*YOUR ASSIGNMENT*
Everything in the data below is left aside except the lines from the one containing "开幕式后进入分论坛环节。分论" through the one containing "Holipick Women High"; repeat those exactly.

*RECORDS FOR THE TASK*

====

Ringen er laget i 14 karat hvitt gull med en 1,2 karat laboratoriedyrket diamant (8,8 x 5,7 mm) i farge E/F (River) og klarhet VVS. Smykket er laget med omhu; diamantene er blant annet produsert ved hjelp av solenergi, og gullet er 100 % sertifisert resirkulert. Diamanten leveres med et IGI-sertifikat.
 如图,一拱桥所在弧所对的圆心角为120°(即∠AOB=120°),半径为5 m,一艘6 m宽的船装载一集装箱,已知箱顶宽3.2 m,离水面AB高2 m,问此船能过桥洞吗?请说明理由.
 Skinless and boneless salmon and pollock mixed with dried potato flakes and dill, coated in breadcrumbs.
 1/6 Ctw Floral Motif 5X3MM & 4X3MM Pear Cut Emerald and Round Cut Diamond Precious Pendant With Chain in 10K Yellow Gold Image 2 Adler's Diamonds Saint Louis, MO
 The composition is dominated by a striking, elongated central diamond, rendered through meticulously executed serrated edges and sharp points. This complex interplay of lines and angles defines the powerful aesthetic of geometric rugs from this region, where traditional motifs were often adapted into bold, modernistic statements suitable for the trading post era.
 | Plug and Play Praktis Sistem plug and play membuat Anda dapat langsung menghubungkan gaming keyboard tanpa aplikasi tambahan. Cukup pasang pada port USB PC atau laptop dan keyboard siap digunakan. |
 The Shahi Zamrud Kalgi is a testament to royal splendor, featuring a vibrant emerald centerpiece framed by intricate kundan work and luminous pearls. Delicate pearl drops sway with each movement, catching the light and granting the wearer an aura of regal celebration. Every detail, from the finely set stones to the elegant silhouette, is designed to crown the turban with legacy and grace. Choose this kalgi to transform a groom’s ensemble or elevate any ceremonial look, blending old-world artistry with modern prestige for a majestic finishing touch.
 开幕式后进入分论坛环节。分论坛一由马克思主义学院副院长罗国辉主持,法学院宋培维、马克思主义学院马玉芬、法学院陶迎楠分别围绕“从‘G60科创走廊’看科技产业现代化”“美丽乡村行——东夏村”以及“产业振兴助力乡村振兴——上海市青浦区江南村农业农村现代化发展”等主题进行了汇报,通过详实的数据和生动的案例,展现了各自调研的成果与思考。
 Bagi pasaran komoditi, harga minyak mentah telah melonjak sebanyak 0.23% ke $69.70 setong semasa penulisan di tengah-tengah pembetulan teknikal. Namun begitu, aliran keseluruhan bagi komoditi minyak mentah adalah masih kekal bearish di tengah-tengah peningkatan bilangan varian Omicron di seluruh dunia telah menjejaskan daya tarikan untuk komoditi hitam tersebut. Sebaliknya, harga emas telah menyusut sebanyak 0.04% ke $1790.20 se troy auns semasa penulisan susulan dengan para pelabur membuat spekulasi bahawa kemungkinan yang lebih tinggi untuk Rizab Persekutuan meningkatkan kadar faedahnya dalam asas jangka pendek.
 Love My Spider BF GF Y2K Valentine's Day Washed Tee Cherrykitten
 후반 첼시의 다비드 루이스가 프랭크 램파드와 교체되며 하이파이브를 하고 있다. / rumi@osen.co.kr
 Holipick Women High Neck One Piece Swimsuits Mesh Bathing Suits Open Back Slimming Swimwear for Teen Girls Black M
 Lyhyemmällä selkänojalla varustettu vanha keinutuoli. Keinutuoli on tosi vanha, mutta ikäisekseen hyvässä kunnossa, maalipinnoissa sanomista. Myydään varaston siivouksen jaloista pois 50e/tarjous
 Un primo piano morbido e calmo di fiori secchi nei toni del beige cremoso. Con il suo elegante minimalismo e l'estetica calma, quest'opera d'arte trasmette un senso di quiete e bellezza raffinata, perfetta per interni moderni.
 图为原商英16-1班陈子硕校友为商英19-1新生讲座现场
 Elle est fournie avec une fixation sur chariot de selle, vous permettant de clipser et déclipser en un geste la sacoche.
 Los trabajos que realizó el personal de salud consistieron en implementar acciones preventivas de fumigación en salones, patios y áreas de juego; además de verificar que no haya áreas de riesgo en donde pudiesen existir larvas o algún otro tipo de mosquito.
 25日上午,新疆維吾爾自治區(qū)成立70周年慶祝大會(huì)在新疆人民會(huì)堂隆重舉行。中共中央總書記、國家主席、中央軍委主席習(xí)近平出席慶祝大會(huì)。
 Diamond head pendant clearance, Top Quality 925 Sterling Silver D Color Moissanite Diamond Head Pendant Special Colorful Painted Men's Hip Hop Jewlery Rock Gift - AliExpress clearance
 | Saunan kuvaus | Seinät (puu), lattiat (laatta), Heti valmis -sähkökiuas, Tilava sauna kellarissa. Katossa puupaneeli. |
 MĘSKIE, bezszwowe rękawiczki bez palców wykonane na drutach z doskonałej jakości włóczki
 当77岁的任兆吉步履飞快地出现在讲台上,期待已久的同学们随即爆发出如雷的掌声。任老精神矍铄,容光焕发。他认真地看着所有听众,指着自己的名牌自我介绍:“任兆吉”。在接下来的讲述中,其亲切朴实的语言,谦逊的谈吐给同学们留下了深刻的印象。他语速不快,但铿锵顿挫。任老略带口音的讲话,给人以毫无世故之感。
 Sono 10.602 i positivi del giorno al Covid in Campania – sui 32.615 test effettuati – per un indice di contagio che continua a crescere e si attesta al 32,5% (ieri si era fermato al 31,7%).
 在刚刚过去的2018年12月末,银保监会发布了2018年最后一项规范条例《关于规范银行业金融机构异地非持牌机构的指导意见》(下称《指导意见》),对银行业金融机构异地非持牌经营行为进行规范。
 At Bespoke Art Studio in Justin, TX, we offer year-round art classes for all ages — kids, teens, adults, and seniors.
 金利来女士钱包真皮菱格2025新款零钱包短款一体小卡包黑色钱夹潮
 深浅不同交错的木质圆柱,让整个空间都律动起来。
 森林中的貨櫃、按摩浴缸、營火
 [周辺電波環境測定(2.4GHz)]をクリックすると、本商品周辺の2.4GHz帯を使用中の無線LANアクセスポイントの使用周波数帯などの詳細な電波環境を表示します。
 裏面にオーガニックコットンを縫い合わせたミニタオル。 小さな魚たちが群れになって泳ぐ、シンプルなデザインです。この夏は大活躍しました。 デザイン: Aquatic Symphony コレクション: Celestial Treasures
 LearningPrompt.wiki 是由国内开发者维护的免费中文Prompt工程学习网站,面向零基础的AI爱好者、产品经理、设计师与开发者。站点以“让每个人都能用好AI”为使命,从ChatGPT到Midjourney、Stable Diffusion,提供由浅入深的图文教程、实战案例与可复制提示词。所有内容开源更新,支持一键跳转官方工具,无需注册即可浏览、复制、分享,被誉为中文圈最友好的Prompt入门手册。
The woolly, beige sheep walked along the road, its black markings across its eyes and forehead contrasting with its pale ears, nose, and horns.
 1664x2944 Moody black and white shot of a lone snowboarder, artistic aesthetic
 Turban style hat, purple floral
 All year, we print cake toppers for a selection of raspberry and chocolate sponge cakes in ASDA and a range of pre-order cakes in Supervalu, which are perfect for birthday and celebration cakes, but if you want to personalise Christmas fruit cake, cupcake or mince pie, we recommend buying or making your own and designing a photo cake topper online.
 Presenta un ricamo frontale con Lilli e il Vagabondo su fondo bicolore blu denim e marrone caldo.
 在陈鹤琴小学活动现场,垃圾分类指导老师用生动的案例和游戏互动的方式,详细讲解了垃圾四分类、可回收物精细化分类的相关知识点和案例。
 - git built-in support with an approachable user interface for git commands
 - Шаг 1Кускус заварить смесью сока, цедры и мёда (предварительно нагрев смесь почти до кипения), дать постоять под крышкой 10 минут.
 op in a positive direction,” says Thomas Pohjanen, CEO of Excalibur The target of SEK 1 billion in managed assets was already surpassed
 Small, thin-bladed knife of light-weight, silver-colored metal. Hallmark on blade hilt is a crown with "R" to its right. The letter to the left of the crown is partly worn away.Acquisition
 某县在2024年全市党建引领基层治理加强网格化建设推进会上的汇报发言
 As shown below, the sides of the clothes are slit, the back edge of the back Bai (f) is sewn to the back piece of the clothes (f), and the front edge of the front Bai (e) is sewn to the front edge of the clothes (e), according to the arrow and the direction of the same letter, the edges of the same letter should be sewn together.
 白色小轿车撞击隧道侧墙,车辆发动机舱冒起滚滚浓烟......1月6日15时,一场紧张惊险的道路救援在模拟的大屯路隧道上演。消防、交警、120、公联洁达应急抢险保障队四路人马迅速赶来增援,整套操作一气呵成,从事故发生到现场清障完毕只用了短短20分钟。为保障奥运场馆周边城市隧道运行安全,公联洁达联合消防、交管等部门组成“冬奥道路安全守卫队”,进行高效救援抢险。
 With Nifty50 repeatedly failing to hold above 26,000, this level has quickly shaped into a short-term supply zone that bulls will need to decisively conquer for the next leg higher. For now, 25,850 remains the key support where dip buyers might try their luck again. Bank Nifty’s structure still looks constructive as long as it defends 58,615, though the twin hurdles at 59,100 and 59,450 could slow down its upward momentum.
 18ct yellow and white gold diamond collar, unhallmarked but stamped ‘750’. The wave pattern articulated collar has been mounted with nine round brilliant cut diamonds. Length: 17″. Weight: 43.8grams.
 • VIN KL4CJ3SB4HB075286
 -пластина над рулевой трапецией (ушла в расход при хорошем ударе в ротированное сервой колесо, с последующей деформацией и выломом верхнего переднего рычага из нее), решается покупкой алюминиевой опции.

====

*TASK RESULT*
 开幕式后进入分论坛环节。分论坛一由马克思主义学院副院长罗国辉主持,法学院宋培维、马克思主义学院马玉芬、法学院陶迎楠分别围绕“从‘G60科创走廊’看科技产业现代化”“美丽乡村行——东夏村”以及“产业振兴助力乡村振兴——上海市青浦区江南村农业农村现代化发展”等主题进行了汇报,通过详实的数据和生动的案例,展现了各自调研的成果与思考。
 Bagi pasaran komoditi, harga minyak mentah telah melonjak sebanyak 0.23% ke $69.70 setong semasa penulisan di tengah-tengah pembetulan teknikal. Namun begitu, aliran keseluruhan bagi komoditi minyak mentah adalah masih kekal bearish di tengah-tengah peningkatan bilangan varian Omicron di seluruh dunia telah menjejaskan daya tarikan untuk komoditi hitam tersebut. Sebaliknya, harga emas telah menyusut sebanyak 0.04% ke $1790.20 se troy auns semasa penulisan susulan dengan para pelabur membuat spekulasi bahawa kemungkinan yang lebih tinggi untuk Rizab Persekutuan meningkatkan kadar faedahnya dalam asas jangka pendek.
 Love My Spider BF GF Y2K Valentine's Day Washed Tee Cherrykitten
 후반 첼시의 다비드 루이스가 프랭크 램파드와 교체되며 하이파이브를 하고 있다. / rumi@osen.co.kr
 Holipick Women High Neck One Piece Swimsuits Mesh Bathing Suits Open Back Slimming Swimwear for Teen Girls Black M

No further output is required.